美しい走り書きは薫君の性格を表すようにきっちりとした色紙に収められ、上品に恋心が詠み込んであるのが理性的であります。
そうでありながら端に密かに御身からの消息を心待ちにしておりました、としたためてあるのが可愛らしくもあることよ。
匂宮の文は心の思うままにこまごまと情熱的に書き記して結び文としてあるのがまったく対照的な二人であるのです。
 
どちらの殿方を愛しているのか。
それは浮舟にもわからぬところ。
侍従の君と右近の君は姫が匂宮に心を寄せていると考えているようですが、あの初めて薫君とお逢いした日に感じた永遠とも思われる安らぎ、存在を認められた喜びは何物にも代えがたい。
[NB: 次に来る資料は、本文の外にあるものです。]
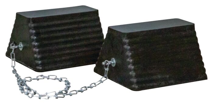 WHEEL CHOCK, GENERAL PURPOSE, RUBBER, 11.5″ X 10″ X 7.25″,RIBBED,PYRAMID, EYEBOLT,CHAINED PAIR,BLACK
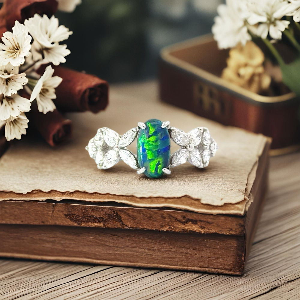 深海のように神秘的なブルーとグリーンが交差する1.161カラットのブラックオパールを主役に据えたラグジュアリーなリング。
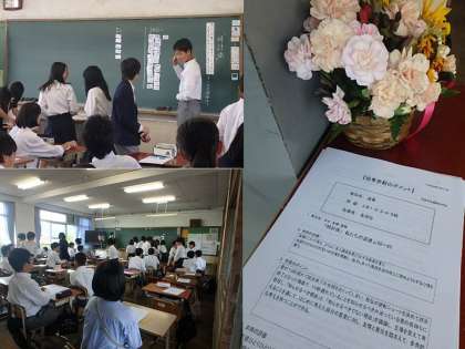 2年生の道徳は,「友情について考え,よりよい友人関係を築こうとする態度を養う。生徒ひとりひとりが互いの立場を理解し,協力し合って集団生活の向上に努めようとする心情を養う」ということを目標に,「時計係」(私たちの道徳p.60〜65)という資料を用いて,友情・信頼をテーマに行われました。
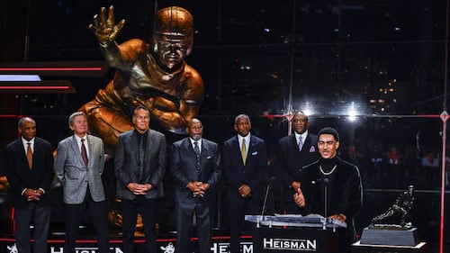 87th Heisman Trophy Ceremony Alabama quarterback Bryce Young speaks after winning the Heisman Trophy at the award ceremony Saturday, Dec. 11, 2021, in New York. (Todd Van Emst/Heisman Trust via AP, Pool)
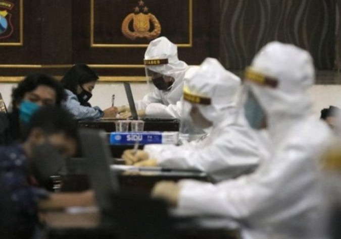 Petugas melakukan pemeriksaan cepat Covid-19 kepada warga yang terjaring razia pembatasan aktivitas malam hari di Polrestabes Surabaya beberapa waktu lalu. Didik Suhartono/Antara
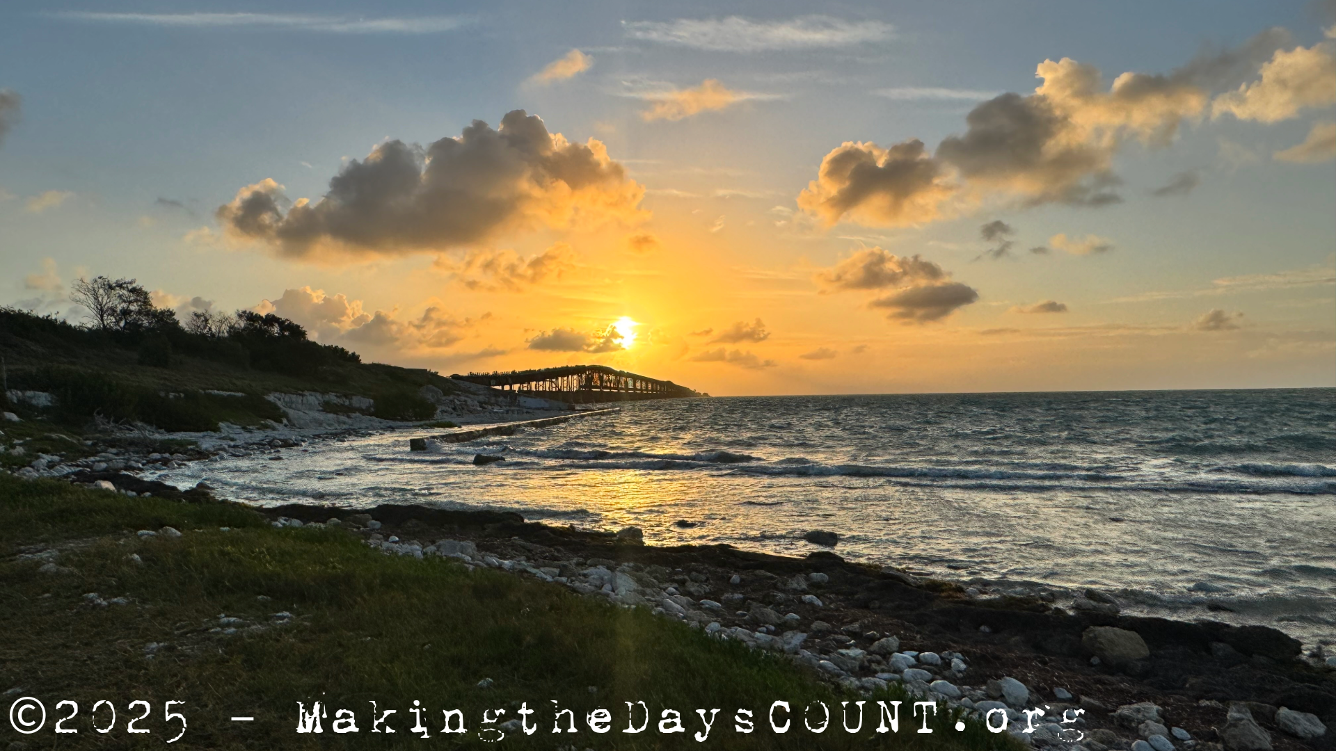 Our rental offers a front row seat for sunrises. Every morning, I wake early so I don’t miss one. This morning, I set off to watch the sunrise from the eastern approach to the Bahia Honda Bridge. I miscalculated, the old bridge obscured the view of the sun breaking the horizon, but I waited patiently and was rewarded with the image below.
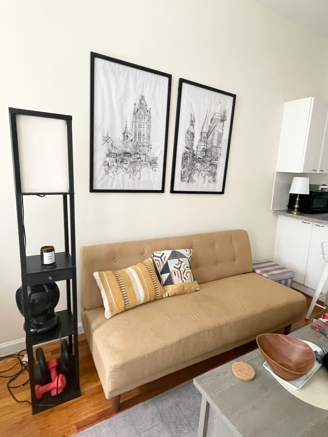 Located on the 4th floor of a walkup with small elevator. (3 flights of stairs)
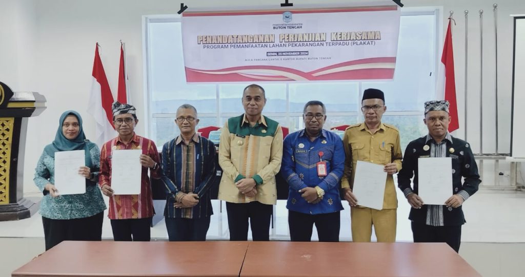 Mandalapos.co.id, Buton Tengah — Tiga Organisasi Perangkat Daerah (OPD) dan Tim Penggerak Pemberdayaan Kesejahteraan Keluarga (PKK) lakukan pendatangan Perjanjian Kerjasama (PKS) dalam rangka optimalisasi percepatan program PLAKAT (Pemanfaatan Lahan Pekarangan Terpadu).
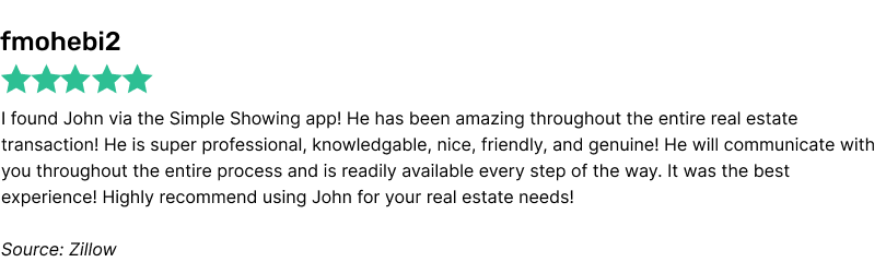 Another customer was impressed with how accessible SimpleShowing’s agent was and with the quality of their services. He said, “SimpleShowing and Fred McGill are the best in the business. He successfully listed and sold our home in a quick and timely manner. Very professional, accessible & clear in communication. They use an exceptional photographer, then utilize all the listing sites where buyers shop for a home. I couldn’t be more impressed from start to finish.”
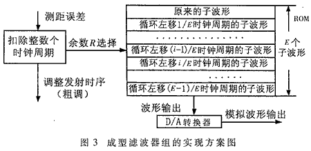 各移位后的子波形按循環(huán)左移大小依次存儲在ROM中。因此一個(gè)時(shí)鐘周期的延時(shí)被劃分成了E個(gè)區(qū)間,將測距誤差除以時(shí)鐘周期,得到余數(shù)R,計(jì)算出R落在了E個(gè)區(qū)間中的哪個(gè)。選擇該區(qū)間的子波形,將該子波形送到調(diào)整步長降到時(shí)鐘周期的1/E。實(shí)際設(shè)計(jì)時(shí),在MATLAB中將FIR濾波器的沖激響應(yīng)以時(shí)鐘周期的1/E循環(huán)左移,再與插零后的基帶碼卷積,就實(shí)現(xiàn)了子波形的循環(huán)左移。再通常的系統(tǒng)實(shí)時(shí)產(chǎn)生的濾波是則系統(tǒng)時(shí)鐘控制的,延時(shí)不會小于一個(gè)時(shí)鐘周期,因此其調(diào)整精度遠(yuǎn)不如用MATLAB設(shè)計(jì)的成型濾波器組的方法。
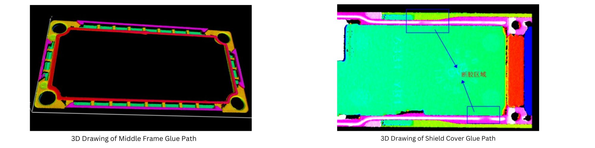 - Advantage: One scan imaging calculation, no need any movement. complex texture, good imaging, high precision ,with self- developed operator to accurately judge the quality of the glue road.
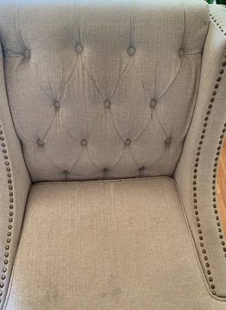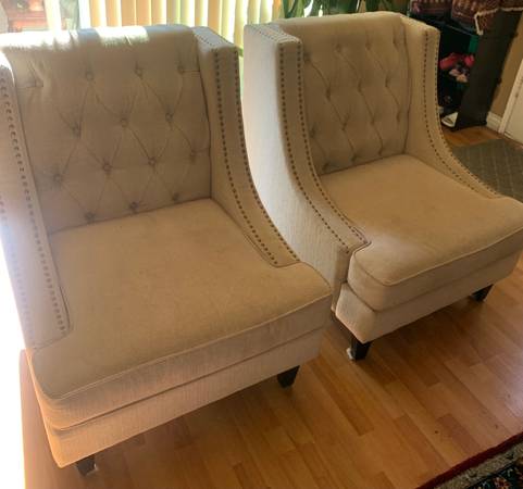 In okay condition Very comfortable Each chair is Approximately 30 inches wide and 33 inches front to back
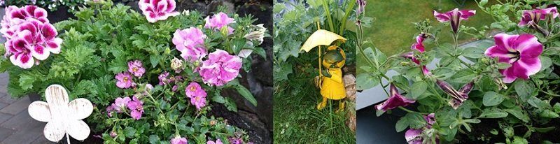 Trotz "Schietwetter" war ich am Pfingstdienstag nicht untätig, sondern habe im Garten die Rose "Shakespeare" eingepflanzt und die Balkonkästen mit Petunien bestückt. Der Regen hilft hoffentlich beim Anwachsen.
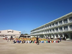 ちょっと優しい色になった南小です。 運動場での朝礼は清々しいです♪

それでいて強く愛されたあの宮との数日は胸から消え去ることはない。
このまま身が二つに分かれてしまいそうなほどにどちらへの想いも拮抗しているのです。
ほんの少し前までは匂宮のことばかりを思い返し、夢にまでみていた浮舟ですが、もしもこの関係が薫君に知られれば、と生きた心地もしません。
それは不義を詰られる惧れよりも君に軽蔑されるやもしれぬ、という恐れ。
それが何よりも辛く感じられる浮舟なのです。
女心というものはそうそう簡単に測れるものではありません。
その心を染める色は一色(ひといろ)ではなく、紅があれば藍もある、その重なる部分は紫にもなり、色合いもそれぞれ微妙に違うのです。
「姫さま、まずは人目に立たぬよう匂宮さまへのお返事をしたためられては如何でしょうか」
賢しくも進言する侍従の君の言葉を姫は辛く聞く。
「お返事は書きません」
それを侍従の君は照れているのだと匂宮への傾倒と考える。
浮舟が薫君に返事を書こうと硯を引き寄せるとその下に忍ばせていた匂宮が描いたあの寄り添う男女の絵がはらりと御前に舞い落ちました。
その絵を見てどうして宮を想わずにはいられよう。
私を思い出しておくれ、といったあの優しい御言葉が耳元に甦り、浮舟は心が裂かれるほどに痛くて涙を禁じ得ない。
耐えかねて宮を想って歌をしたためました。
 
 かきくらし晴れせぬ嶺の雨雲に
      浮きて世をふる身をもなさばや
(峰に漂う雨雲がいつかは消え失せるようにこの身も何も感じぬように消えてしまえばよいものを。薫君に迎えられたらば、たとえ生きていても御身に今生でお逢いすることは叶わなくなるでしょう)
 
侍従の君はその浮舟の書き捨てたものを匂宮へと贈りました。
それを読んだ宮は、もしもこのまま裂かれたら浮舟は薫に引き取られた後も密かに心の隅でも私を恋しがって泣くのであろう、としみじみと姫が物思いに沈む姿が目に浮かぶようであり、それが不憫でおいおいと泣いてしまうのでした。